Software vulnerabilities seriously affect the security of computing systems and they are continuously disclosed and reported. When documenting software vulnerabilities, characterizing the severity, exploitability and impact of a vulnerability is critical for effective triaging and management of software vulnerabilities. Faced with ever-growing number of new vulnerabilities, we observe a significant lag between the disclosure of a vulnerability and the specification of its characteristics. This lag calls for automated, reliable assessment of vulnerability characteristics to assist security analysts in allocating their limited efforts to potentially most serious vulnerabilities. Existing automated techniques for vulnerability assessment require hand-crafted features and balanced data, and consider each specific characteristic independently at a time. In this paper, we propose a multi-task machine learning approach for the joint prediction of multiple vulnerability characteristics based on the vulnerability descriptions. Our approach gets rid of the requirement of balanced data, and it relies on neural networks that learn to extract features from training data.
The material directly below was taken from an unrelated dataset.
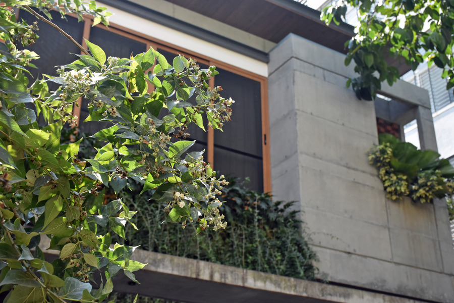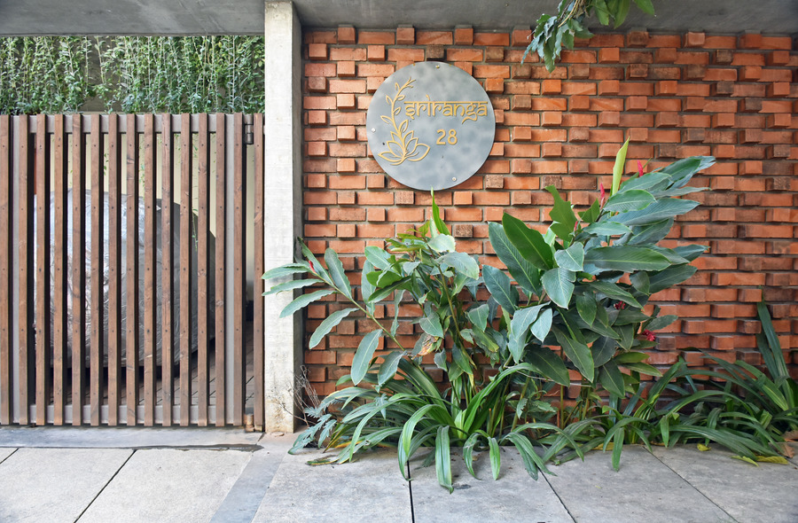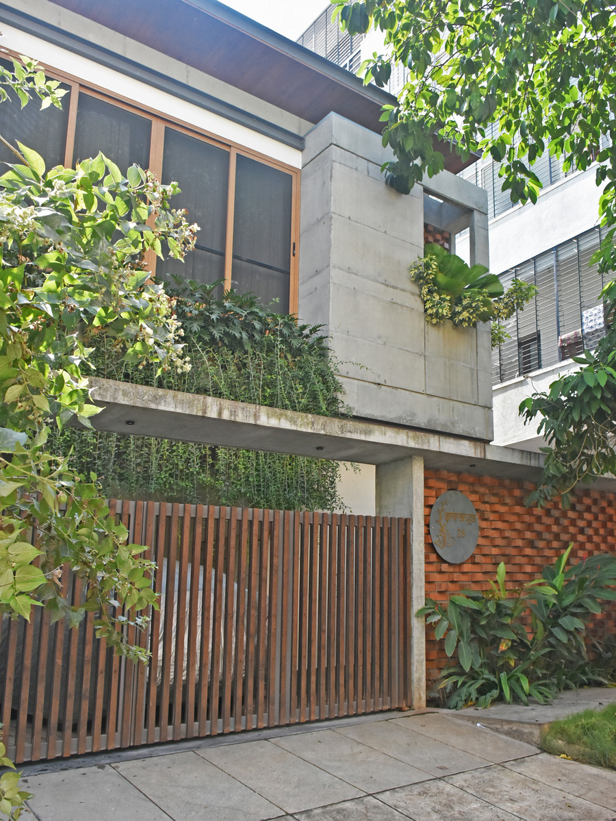 The façade has been detailed with exposed concrete walls which was brutal, punctuated with terracotta jalis inside metal frame. The series of planters dispersed across the façade bringing in a right visual balance.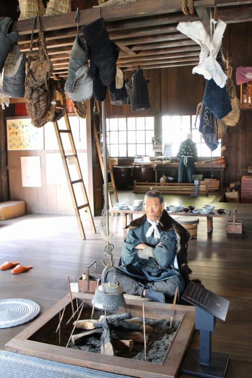 『鰊御殿 とまり』の見学に行って来ました。「鰊御殿」とは、第二次世界大戦前に、北海道の日本海側に建てられた、網元の居宅兼漁業施設(番屋)の俗称だそうです。土間を挟んで、右側が家族の居住スペースになっていて、畳のお部屋が続いています。土間の左側が、漁夫たちの生活ゾーン!こちらは、板の間。寒い冬は、板の間だと辛かったでしょうね。雰囲気抜群のおやじさんが囲炉裏端に座っています。その他、繁栄した頃の鰊御殿はいろいろ凝りに凝っていて、入館料300円の割には、結構見応えのある施設でした。

Using the large-scale vulnerability data in the Common Vulnerabilities and Exposure(CVE) database, we conduct extensive experiments to compare different configurations of neural network feature extractors, study the impact of multi-task learning versus independent-task learning, and investigate the performance of our approach for predicting the characteristics of newly disclosed vulnerabilities and the minimum requirement of historical vulnerability data for training reliable prediction model.